To estimate the effect of geometric parameters of a CNT-based support under given synthesis conditions on the resulting characteristics of the CL (platinum particle size, EASA), a semi-empirical model was proposed using a random uniform distribution of particles over the CNT surface. Based on the obtained distribution, the EASA of the electrocatalyst was estimated and further used to evaluate the performance of the CL as part of the PEMFC.

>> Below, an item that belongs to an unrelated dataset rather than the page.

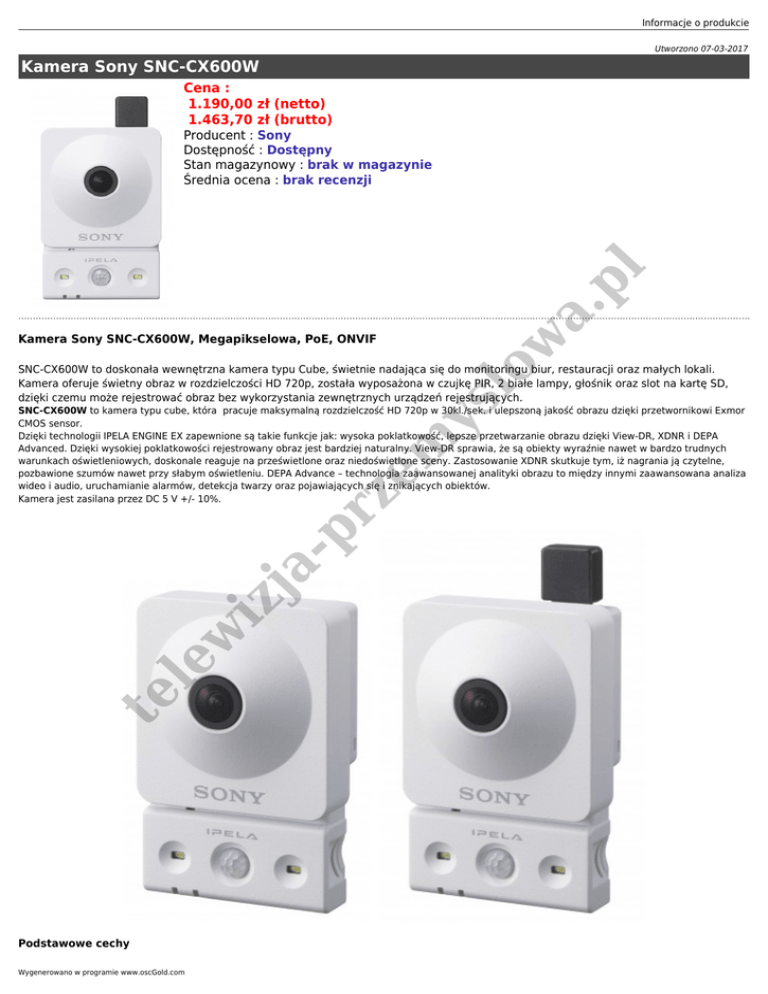 Informacje o produkcie Utworzono 07-03-2017 Kamera Sony SNC-CX600W Cena : 1.190,00 zł (netto) 1.463,70 zł (brutto) ze m ys lo w Kamera Sony SNC-CX600W, Megapikselowa, PoE, ONVIF a. pl Producent : Sony Dostępność : Dostępny Stan magazynowy : brak w magazynie Średnia ocena : brak recenzji SNC-CX600W to doskonała wewnętrzna kamera typu Cube, świetnie nadająca się do monitoringu biur, restauracji oraz małych lokali. Kamera oferuje świetny obraz w rozdzielczości HD 720p, została wyposażona w czujkę PIR, 2 białe lampy, głośnik oraz slot na kartę SD, dzięki czemu może rejestrować obraz bez wykorzystania zewnętrznych urządzeń rejestrujących. te le w iz ja -p r SNC-CX600W to kamera typu cube, która pracuje maksymalną rozdzielczość HD 720p w 30kl./sek. i ulepszoną jakość obrazu dzięki przetwornikowi Exmor CMOS sensor. Dzięki technologii IPELA ENGINE EX zapewnione są takie funkcje jak: wysoka poklatkowość, lepsze przetwarzanie obrazu dzięki View-DR, XDNR i DEPA Advanced. Dzięki wysokiej poklatkowości rejestrowany obraz jest bardziej naturalny. View-DR sprawia, że są obiekty wyraźnie nawet w bardzo trudnych warunkach oświetleniowych, doskonale reaguje na prześwietlone oraz niedoświetlone sceny. Zastosowanie XDNR skutkuje tym, iż nagrania ją czytelne, pozbawione szumów nawet przy słabym oświetleniu. DEPA Advance – technologia zaawansowanej analityki obrazu to między innymi zaawansowana analiza wideo i audio, uruchamianie alarmów, detekcja twarzy oraz pojawiających się i znikających obiektów. Kamera jest zasilana przez DC 5 V +/- 10%. Podstawowe cechy Wygenerowano w programie www.oscGold.com ● ● ● ● ● ● ● ● pl ● a. ● ze m ys lo w ● -p r ● w iz ja ● przetwornik CMOS Exmor 1/4" HD 720p @ 30fps kąt widzenia obiektywu 120° białe światło LED czujnik ruchu PIR e-Day/Night kompresja: H264, JPEG dwukierunkowe audio (wbudowany mikrofon i głośnik) Wi-Fi (IEEE802.11b/g/n) slot kart microSD detekcja ruchu DEPA Advanced zasilanie 5V DC ONFIV S 36 miesięcy gwarancji le ● te ● Informacje o produkcie Specyfikacja: Kamera ● ● ● ● ● ● ● ● ● ● ● ● ● ● ● pl ● Przetwornik: 1/4-type progressive scan CMOS Exmor Rozdzielczość: 1.3 Mpx Sygnał: NTSC / PAL Minimalne oświetlenie (50 IRE): Kolor: 1,0 lx (F2.0, VE OFF, AGC MAX, 1/30 s, 30 fps), (30 IRE) Kolor: 0,5 lx (F2.0, VE OFF, AGC MAX, 1/30 s, 30 fps) Zakres dynamiki: ponad 60dB Czas migawki: 1/1 s to 1/10000 s Kontrola czasu ekspozycji: Kompensacja ekspozycji, AGC, Czas naświetlania Balans bieli: ATW, ATW-PRO, Fluorescent lamp, Mercury lamp, Sodium vapour lamp, Metal halide lamp, White LED, One push WB, Manual Obiektyw: stałoogniskowy Kąt widzenia w poziomie: 120° Kąt widzenia w pionie: 64° Długość ogniskowej: f = 1,83 mm F2.0 Minimalny dystans: 500 mm Biała lampa LED - x2 PIR Wbudowany głośnik Strefy prywatności - 20 a. ● ze m ys lo w ● Cechy Kamery ● ● ● ● Dzień/Noc: Nie Wide-D: Tak (View-DR) Wzmocnienie obrazu: Visiblity Enhancer Redukcja szumów: Tak XDNR Obraz ● ● ● -p r ● Rozdzielczość: 1280 x 720, 1024 x 576, 720 x 576 720 x 480, 704 x 576, 640 x 480, 640 x 360, 352 x 288, 320 x 180 (H.264, JPEG)" (H.264, JPEG) Kompresja: H.264(High/Main/Baseline Profile), JPEG Strumieniowanie: Triple Streaming , CBR/VBR (selectable) Klatkowanie: H.264: 30 fps (1280 x 720), JPEG: 30 fps (1280 x 720) Liczba klientów - 5 w iz ja ● Analiza Wideo ● ● Inteligentna detekcja ruchu: Tak Detekcja twarzy: tak Alarm sabotażowy: tak Filtr zasad: DEPA Advenced Audio ● le ● te ● Kompresja Audio: G.711/G.726/AAC (16 kHz, 48 kHz) Sieć ● ● ● ● Protokoły: IPv4, TCP, UDP, ARP, ICMP, IGMP, HTTP, DHCP, DNS, NTP, RTP / RTCP, RTSP przez TCP, SMTP over HTTP, IPv6, HTTPS, SNMP (v1, v2c, v3), SSL * SSM ( Źródło Szczególne Multimedia) jest obsługiwany. Onvif: Tak Sieć bezprzewodowa WIFI: Tak (IEEE802.11b/g/n) Potwierdzenie autentyczności: IEEE 802.1X Interface ● ● ● Port sieciowy: 10BASE-T / 100BASE-TX (RJ-45) Wbudowany mikrofon Slot kart: x1 karta SD (SDHC) Pozostałe informacje ● ● Zasilanie: DC 5V Maksymalny pobór mocy: 5,0 W Wygenerowano w programie www.oscGold.com ● ● ● ● ● ● ● ● ● ● Temperatura działania: Kabel: 0 ℃ do +50 ℃ (WIFI: 0 ℃ do 40 ℃) Temperatura przechowywania: -20 °C to +60 °C Wilgotność w miejscu działania: 20% to 80% Wilgotność w miejscu przechowywania: 20% to 95% Wandaloodporność: Nie Wymiary: 61 mm x 95 mm x 41 mm (bez obiektywu) Waga: 110 g Przepisy dotyczące bezpieczeństwa: Jate, UL2044, IEC60950-1, VCCI Class B, FCC Class B, IC klasa B, EN55022 (klasa B) + EN50130-4, EN55022 (klasa B) + EN55024, EN60950-1, EN62311, EN300 328 EN301489-17 EN301489 -1, AS / NZS CISPR22 (klasa B), AS / NZS 4286, GB4943, (IEC60950) + GB9254 (CISPR22), SRRC, CNS14336 (IEC60950-1) + CNS13438 (CISPR22), RCM, Rosja EAC, KCC Klasa szczelności: Nie Gwarancja : 36 miesięcy Wymagania systemowe: ● ● pl ● System operacyjny: Windows XP (32 bit) Professional Edition, Windows Vista (32 bit) Ultimate, Business Edition, Windows 7 (32/64 bit) Ultimate, Professional Edition Procesor: Intel Corei7 2.8 GHz lub lepszy Pamięć: 2 GB lub więcej Przeglądarka internetowa: Microsoft Internet Explorer Ver. 7.0, Ver. 8.0, Ver. 9.0, Firefox Ver. 3.5 (Plug-in free viewer only), Safari Ver. 4.0 (Plug-in free viewer only), Google Chrome Ver. 4.0 (Plug-in free viewer only) a. ● ● ● ● ● ● ● -p r ● w iz ja ● Moduł WiFi (1) Zasilacz (1) kod zasilania (1) stojak na kameręt (1) Śruby (3) Instrukcja instalacji(1) Quick Start Guide (1) Karta gwarancyjna (1) Przepisy bezpieczeństwa dla kamery sieciowej (1) Przepisy bezpieczeństwa na moduł bezprzewodowej sieci LAN USB (1) le ● te ● ze m ys lo w W zestawie:

The applicability of the proposed model for calculating the CL parameters and I–V curves of the model PEMFC was shown. The accuracy of the proposed simulation of the CNT-based CLs did not depend on the electrocatalyst synthesis method used. An increase in the EASA with decreasing platinum loading of the CL was shown for the CNT-based electrocatalysts. When calculating the I–V curves of the model PEMFC, it was found that the properties of the CNT-based CCLs could be successfully used to improve the PEMFC performance efficiency under conditions of low humidity of inlet gases. The results of the proposed model simulations highly correlate with previously published experimental data.